Мэреин стал медленно подниматься, грозя развалить весь шатёр, люди по другую сторону стола вскочили с мест, хватаясь за оружие – все правила о соблюдении мира были начисто забыты, и ни я, никто бы другой на моём месте их не осудил.

– Освободи его немедленно! – голос Доррена дрожал от возмущения, – иначе…

Но «иначе» произошло быстрее. Геррет вдруг перестал вопить и корчиться на земле, а руки Мартина мгновенно оказались спутанными длинными серебристо‑белыми толстыми нитями, слишком светлыми в полумраке шатра. Видимо, Хулдред израсходовал на заклинание все силы, потому что, зашатавшись, рухнул прямо в каменные объятия Мэропа. Мэреин уважительно хмыкнув, крепко пожал руку воина. Я, по примеру Мэропа, встал и, подойдя к Хулдреду, который снова поднялся на ноги, но уже опираясь на костыль, поданный ему Мэропом, пожал ему руку. Бледноликий воин ответил крепким, но осторожным рукопожатием, ведь он не мог чувствовать мою руку. Я думал, что пожму мертвенно холодную ладонь, но вместо этого ощутил лишь приятную прохладу, свойственную и живым. Пальцы Хулдреда гнулись с трудом, но рука была абсолютно живой, человеческой. Это меня почему‑то приятно удивило. И уже в очередной раз я подумал, если нам суждено выжить, я просто обязан буду поручиться за Хулдреда перед Альдис и пригласить его на Ленос в качестве стража границы. Думаю, он не откажется. Я думал на индивидуальной волне, и воин не мог слышать мои мысли, и я тихо изложил ему свои планы. Он посмотрел на меня долгим взглядом, от которого мне стало как‑то теплее, теперь прямой взгляд в мёртвые неподвижные глаза вызывал у меня иные чувства. Этот взгляд словно бы связал нас невидимыми узами, узами крепче любых магических пут, узами признательности и бескорыстной настоящей дружбы.

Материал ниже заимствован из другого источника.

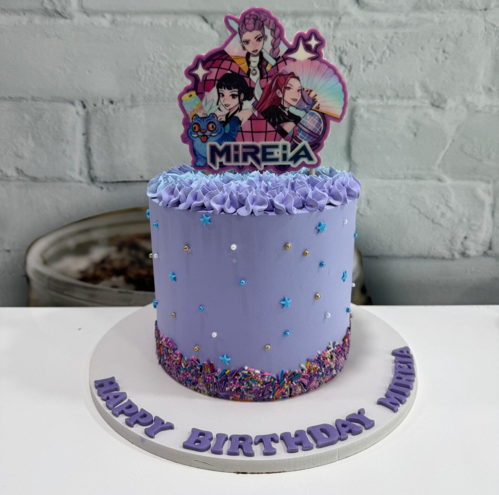 A vibrant lavender buttercream cake topped with pop-art characters, finished with colorful sprinkles and blue stars.

– Это лишь малая часть того, что я могу для тебя сделать. Я перед тобой в неоплатном долгу.

Он низко поклонился и благодарно пожал мне руку. Я улыбнулся ему и вернулся во главу стола, успокаивать собрание, которое уже утихомирилось без моего посильного участия. Вполголоса говоря с Хулдредом, я слышал, как Мартин ругался на чём свет стоит, требуя освободить его от сдерживающих пут. Первым не выдержал Вал, видимо, изощрённая ругань на Варатхэ, чёрном наречии, тем более в столь злобном исполнении, смутила всех. Он порывисто шагнул к безуспешно дёргавшему связанными руками Мартину и выуженным откуда‑то ножом, попытался перерезать, на вид хоть и крепкие, но всё же довольно тонкие верёвки, но нож лишь скользнул по шелковистом нитям и, едва не порезав своего владельца, упал на земляной пол, не причинив путам сколь‑нибудь видимого ущерба.

Все уже давно хохотали в голос, потешаясь над Мартином, а Хулдреда то и дело дружески хлопали по спине и плечам. Эта демонстрация благородной силы произвела на военачальников куда большее впечатление, нежели спасение их главнокомандующего и одного из самых великих людских правителей, видимо потому, что спасение в бою не являлось для настоящего воина подвигом, а благородная светлая магия, применённая для защиты слабого, к тому же того, кого едва знаешь и для восстановления мира, а не ради нападения или собственного тщеславия – это дело другое, особенно для людей, не имеющих дело с магией, людей, привыкших признавать только силу оружия, но в глубине души ненавидящих своё ремесло воина.

– Освободи его, Хулдред, противно слушать его речи! – улыбаясь, сказал я.

Путы тотчас же пропали, но Мартин продолжал выражаться так, что мэреину пришлось пару раз, схватив его за плечи, встряхнуть, а затем высказать на своём языке, который Мартин вряд ли понимал, всё, что о нём думает,

– Обижать слабых, – рявкнул мэреин уже на всеобщем, – это достойно разве что гоблина.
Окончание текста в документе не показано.